- [Task details]: Your answer must be an exact copy of the data, without any pictures.

Top of Provided material

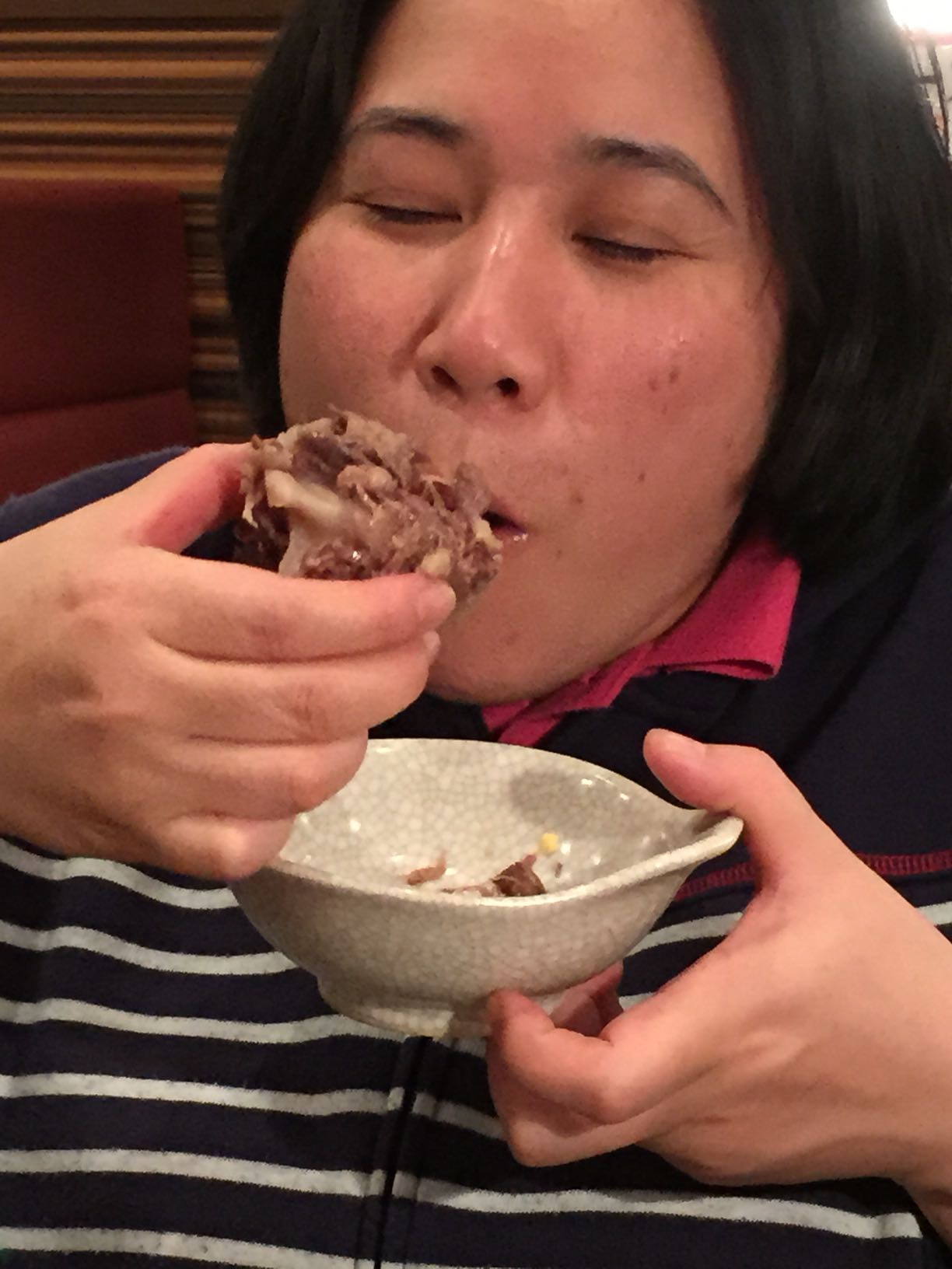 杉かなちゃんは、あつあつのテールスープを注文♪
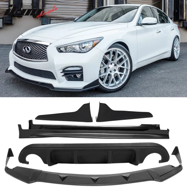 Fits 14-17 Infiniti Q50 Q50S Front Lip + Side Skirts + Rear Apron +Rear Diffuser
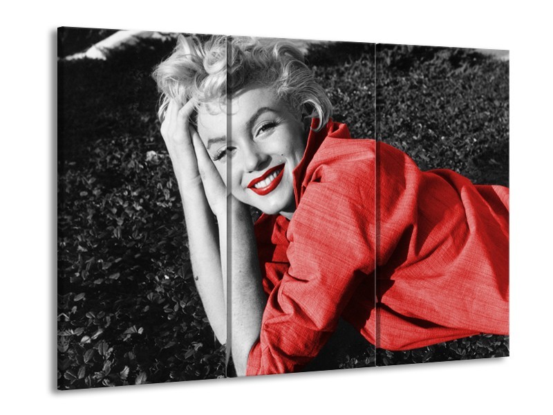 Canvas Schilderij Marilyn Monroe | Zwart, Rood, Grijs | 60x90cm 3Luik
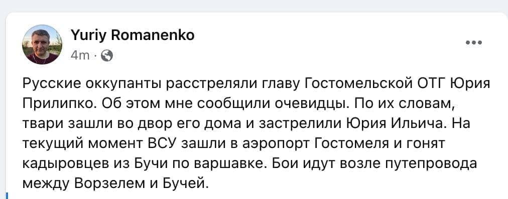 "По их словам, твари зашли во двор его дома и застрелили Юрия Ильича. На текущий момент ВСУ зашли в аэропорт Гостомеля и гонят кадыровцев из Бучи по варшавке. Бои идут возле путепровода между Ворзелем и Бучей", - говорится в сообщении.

Bottom of Provided material

- [Result of the task]:
 杉かなちゃんは、あつあつのテールスープを注文♪
 Fits 14-17 Infiniti Q50 Q50S Front Lip + Side Skirts + Rear Apron +Rear Diffuser
 Canvas Schilderij Marilyn Monroe | Zwart, Rood, Grijs | 60x90cm 3Luik
 "По их словам, твари зашли во двор его дома и застрелили Юрия Ильича. На текущий момент ВСУ зашли в аэропорт Гостомеля и гонят кадыровцев из Бучи по варшавке. Бои идут возле путепровода между Ворзелем и Бучей", - говорится в сообщении.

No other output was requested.